Only the pictures stay out; every record is to be quoted exactly.

╭─ Given data

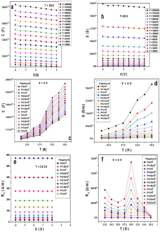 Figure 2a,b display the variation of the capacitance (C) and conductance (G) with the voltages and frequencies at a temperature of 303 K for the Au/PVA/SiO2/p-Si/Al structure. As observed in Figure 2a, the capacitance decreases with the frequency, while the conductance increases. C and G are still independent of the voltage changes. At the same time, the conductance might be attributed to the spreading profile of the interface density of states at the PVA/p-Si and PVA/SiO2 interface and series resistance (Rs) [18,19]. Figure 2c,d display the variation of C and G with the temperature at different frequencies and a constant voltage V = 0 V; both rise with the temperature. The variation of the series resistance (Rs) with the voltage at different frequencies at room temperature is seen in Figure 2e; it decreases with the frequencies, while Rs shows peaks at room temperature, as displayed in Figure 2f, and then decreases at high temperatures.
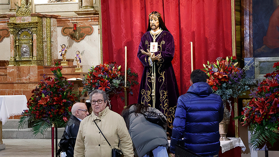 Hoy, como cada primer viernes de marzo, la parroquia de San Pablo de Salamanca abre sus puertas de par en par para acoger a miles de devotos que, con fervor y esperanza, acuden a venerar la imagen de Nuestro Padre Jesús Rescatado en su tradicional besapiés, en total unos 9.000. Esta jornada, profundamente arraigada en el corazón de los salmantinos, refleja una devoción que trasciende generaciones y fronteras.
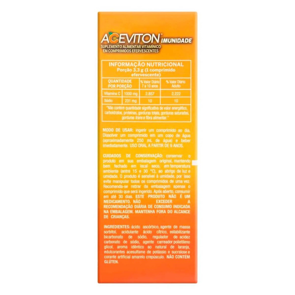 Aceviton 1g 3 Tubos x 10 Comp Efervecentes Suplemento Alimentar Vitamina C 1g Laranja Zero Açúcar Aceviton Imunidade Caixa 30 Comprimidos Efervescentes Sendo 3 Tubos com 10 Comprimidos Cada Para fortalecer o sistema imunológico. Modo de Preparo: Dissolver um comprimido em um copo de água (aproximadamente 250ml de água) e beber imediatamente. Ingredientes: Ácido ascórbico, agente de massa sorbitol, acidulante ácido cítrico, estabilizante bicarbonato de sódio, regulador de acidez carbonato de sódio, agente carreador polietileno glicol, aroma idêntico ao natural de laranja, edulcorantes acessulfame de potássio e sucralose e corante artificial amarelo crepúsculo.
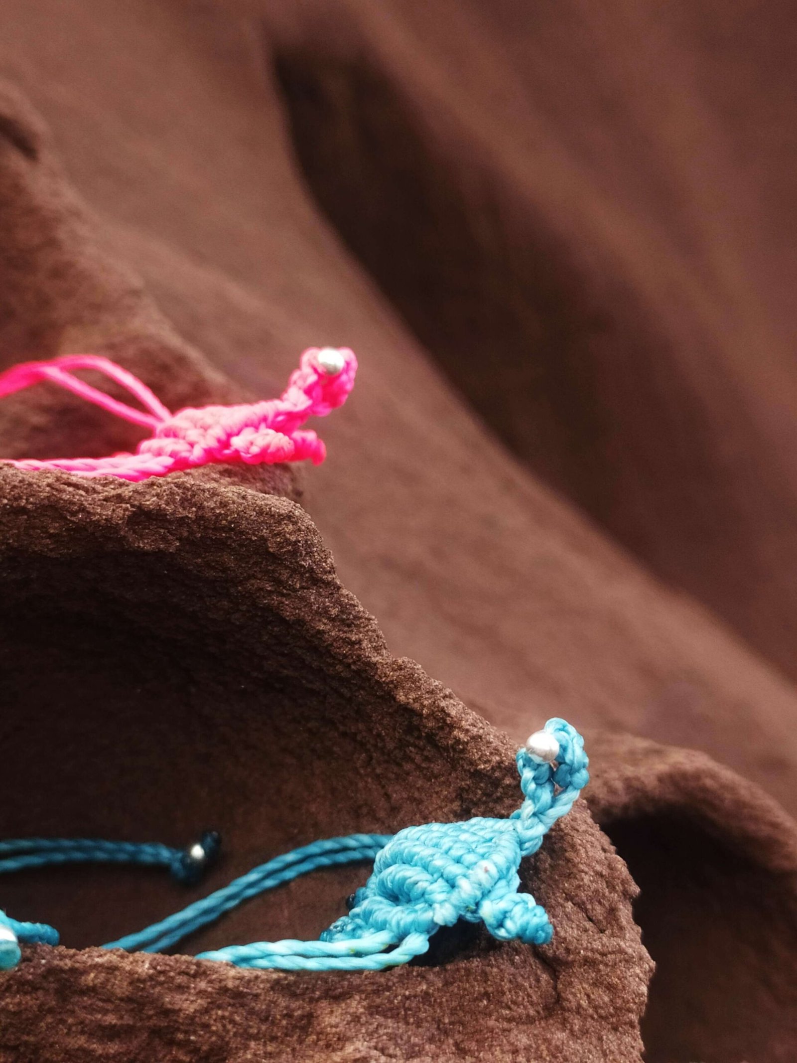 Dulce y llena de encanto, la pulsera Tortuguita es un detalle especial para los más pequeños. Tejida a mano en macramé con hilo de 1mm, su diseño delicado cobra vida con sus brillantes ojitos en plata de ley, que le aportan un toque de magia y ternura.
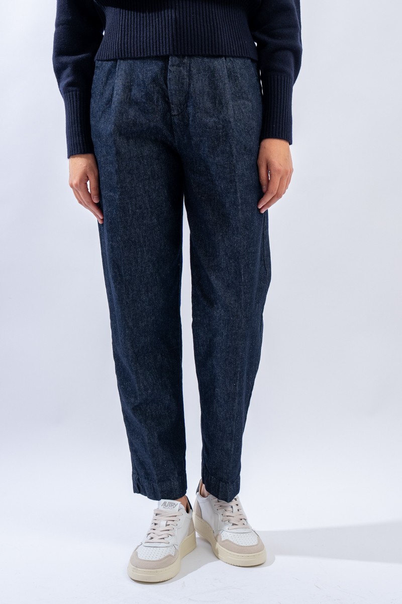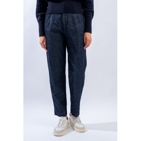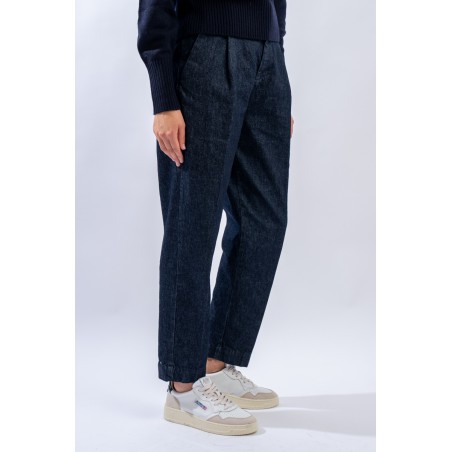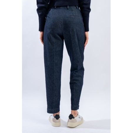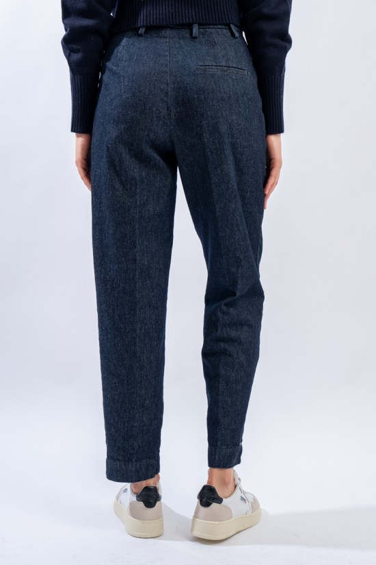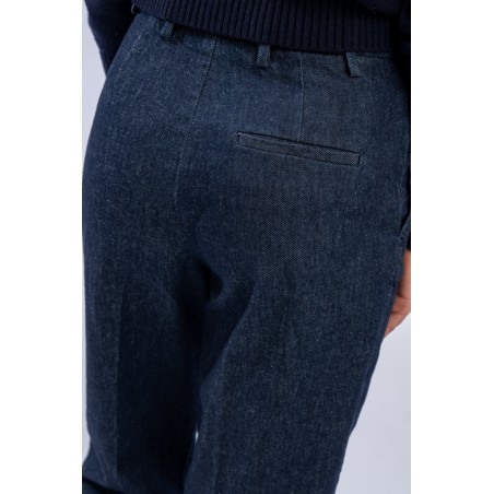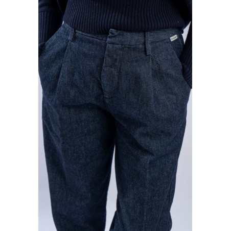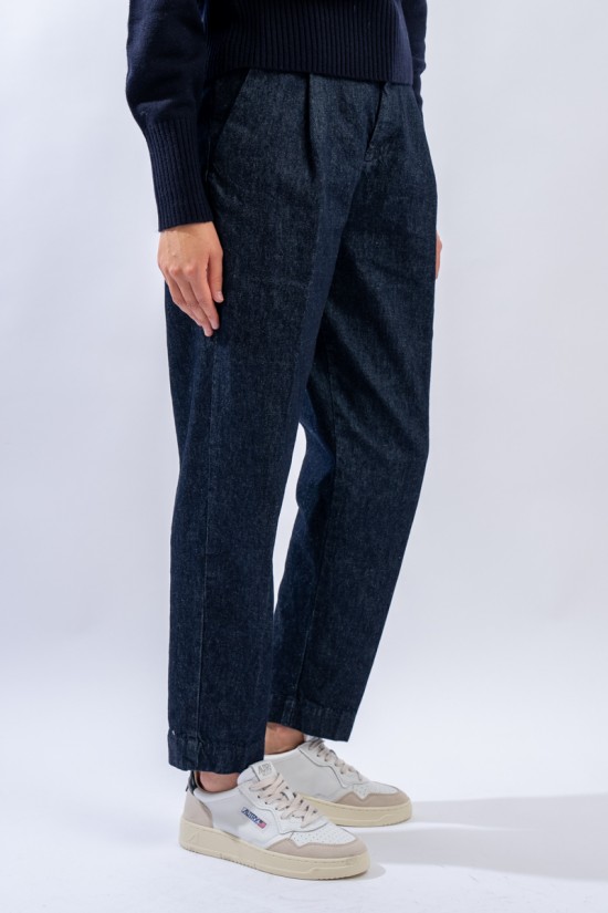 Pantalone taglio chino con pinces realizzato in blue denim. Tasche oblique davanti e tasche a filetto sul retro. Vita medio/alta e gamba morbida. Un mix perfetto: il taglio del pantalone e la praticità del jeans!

╰─

▶ **Written response**:
 Figure 2a,b display the variation of the capacitance (C) and conductance (G) with the voltages and frequencies at a temperature of 303 K for the Au/PVA/SiO2/p-Si/Al structure. As observed in Figure 2a, the capacitance decreases with the frequency, while the conductance increases. C and G are still independent of the voltage changes. At the same time, the conductance might be attributed to the spreading profile of the interface density of states at the PVA/p-Si and PVA/SiO2 interface and series resistance (Rs) [18,19]. Figure 2c,d display the variation of C and G with the temperature at different frequencies and a constant voltage V = 0 V; both rise with the temperature. The variation of the series resistance (Rs) with the voltage at different frequencies at room temperature is seen in Figure 2e; it decreases with the frequencies, while Rs shows peaks at room temperature, as displayed in Figure 2f, and then decreases at high temperatures.
 Hoy, como cada primer viernes de marzo, la parroquia de San Pablo de Salamanca abre sus puertas de par en par para acoger a miles de devotos que, con fervor y esperanza, acuden a venerar la imagen de Nuestro Padre Jesús Rescatado en su tradicional besapiés, en total unos 9.000. Esta jornada, profundamente arraigada en el corazón de los salmantinos, refleja una devoción que trasciende generaciones y fronteras.
 Aceviton 1g 3 Tubos x 10 Comp Efervecentes Suplemento Alimentar Vitamina C 1g Laranja Zero Açúcar Aceviton Imunidade Caixa 30 Comprimidos Efervescentes Sendo 3 Tubos com 10 Comprimidos Cada Para fortalecer o sistema imunológico. Modo de Preparo: Dissolver um comprimido em um copo de água (aproximadamente 250ml de água) e beber imediatamente. Ingredientes: Ácido ascórbico, agente de massa sorbitol, acidulante ácido cítrico, estabilizante bicarbonato de sódio, regulador de acidez carbonato de sódio, agente carreador polietileno glicol, aroma idêntico ao natural de laranja, edulcorantes acessulfame de potássio e sucralose e corante artificial amarelo crepúsculo.
 Dulce y llena de encanto, la pulsera Tortuguita es un detalle especial para los más pequeños. Tejida a mano en macramé con hilo de 1mm, su diseño delicado cobra vida con sus brillantes ojitos en plata de ley, que le aportan un toque de magia y ternura.
 Pantalone taglio chino con pinces realizzato in blue denim. Tasche oblique davanti e tasche a filetto sul retro. Vita medio/alta e gamba morbida. Un mix perfetto: il taglio del pantalone e la praticità del jeans!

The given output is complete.